What is needed
Please give back each line of the material unchanged, but without the images.

Collected data
====
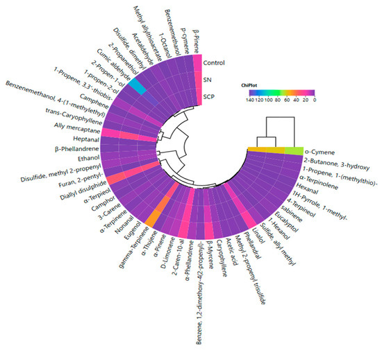Figure 7 presents a correlation heat map illustrating the relationships between the groups and volatile compounds. The analysis revealed differences among the groups, with the use of different nitrite sources resulting in the formation of two distinct clusters. The control group was separated from the nitrite-treated groups, whereas the SN and SCPN groups clustered together, exhibiting closer correlations. Additionally, it was observed that the use of different nitrite sources did not cause substantial differences in volatile compound profiles (Figure 7).
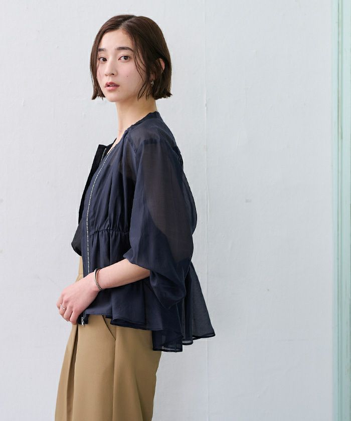 軽やかなシアー素材が涼しげな印象のブルゾン。
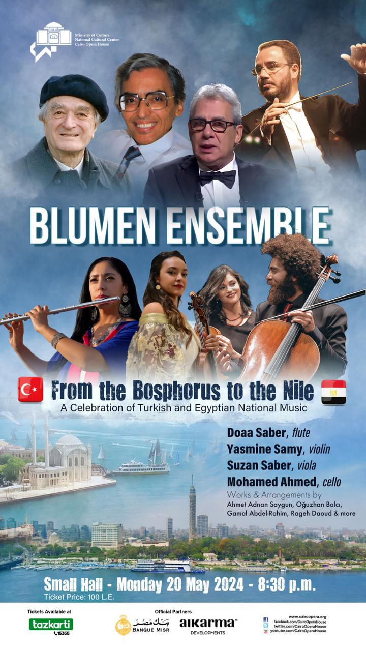 متابعة القراءةتنظم دار الأوبرا برئاسة الدكتورة لمياء زايد حفلا بعنوان من البوسفور إلى النيل بمشاركة العازفين دعاء صابر ( فلوت ) ، ياسمين سامى إبراهيم - أدهم صبرى ( فيولينة ) ، سوزان صابر ( فيولا ) ، محمد أحمد ( تشيللو ) ، عمرو سيف ( كونتر باص ) ، رضوى
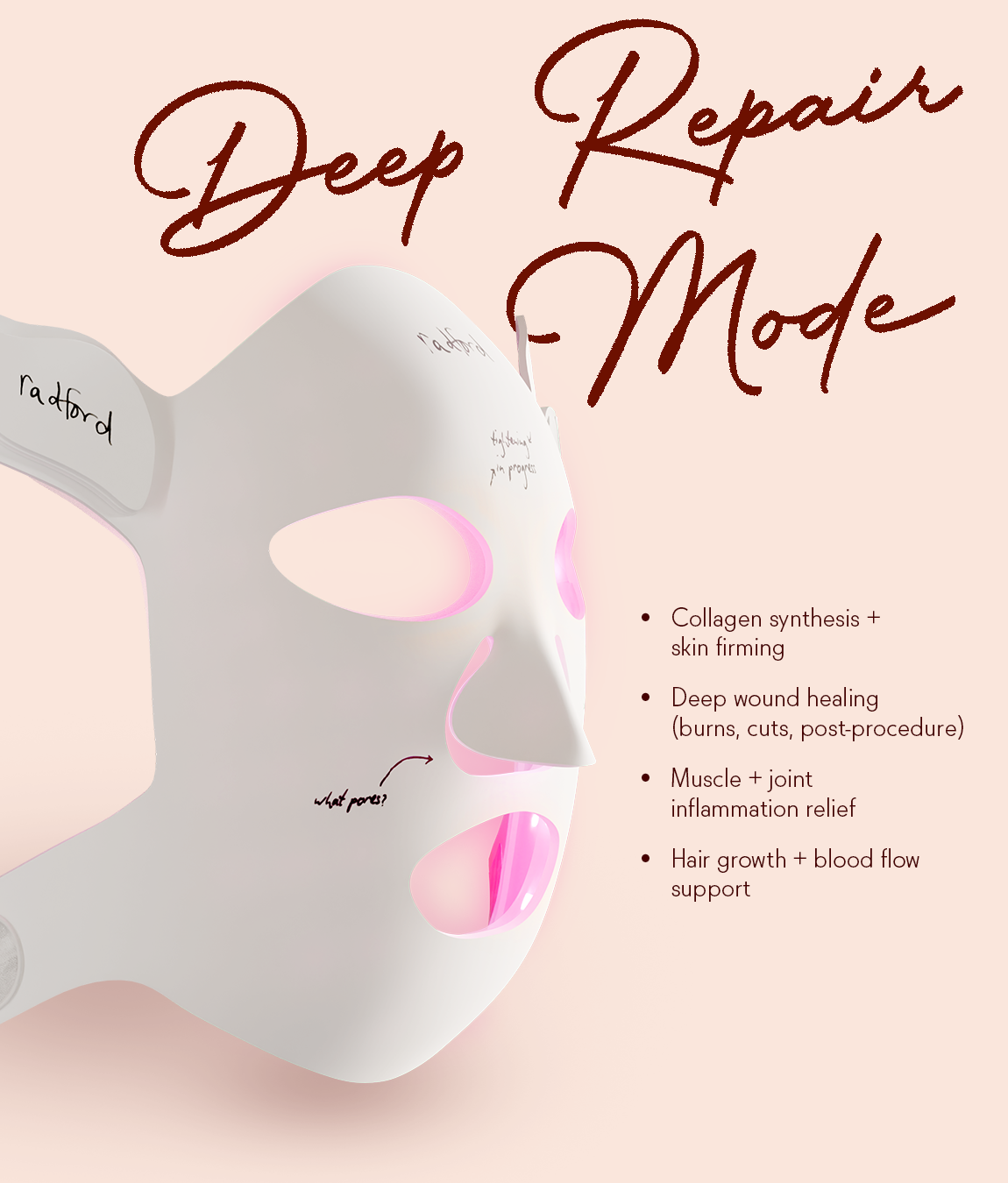 Best for post-treatment recovery and skin reset. Red 630nm to rebuild, Deep Red 660nm to restore, and Near Infrared 830nm combine to calm below the surface.
====
Response for this exercise
Figure 7 presents a correlation heat map illustrating the relationships between the groups and volatile compounds. The analysis revealed differences among the groups, with the use of different nitrite sources resulting in the formation of two distinct clusters. The control group was separated from the nitrite-treated groups, whereas the SN and SCPN groups clustered together, exhibiting closer correlations. Additionally, it was observed that the use of different nitrite sources did not cause substantial differences in volatile compound profiles (Figure 7).
 軽やかなシアー素材が涼しげな印象のブルゾン。
 متابعة القراءةتنظم دار الأوبرا برئاسة الدكتورة لمياء زايد حفلا بعنوان من البوسفور إلى النيل بمشاركة العازفين دعاء صابر ( فلوت ) ، ياسمين سامى إبراهيم - أدهم صبرى ( فيولينة ) ، سوزان صابر ( فيولا ) ، محمد أحمد ( تشيللو ) ، عمرو سيف ( كونتر باص ) ، رضوى
 Best for post-treatment recovery and skin reset. Red 630nm to rebuild, Deep Red 660nm to restore, and Near Infrared 830nm combine to calm below the surface.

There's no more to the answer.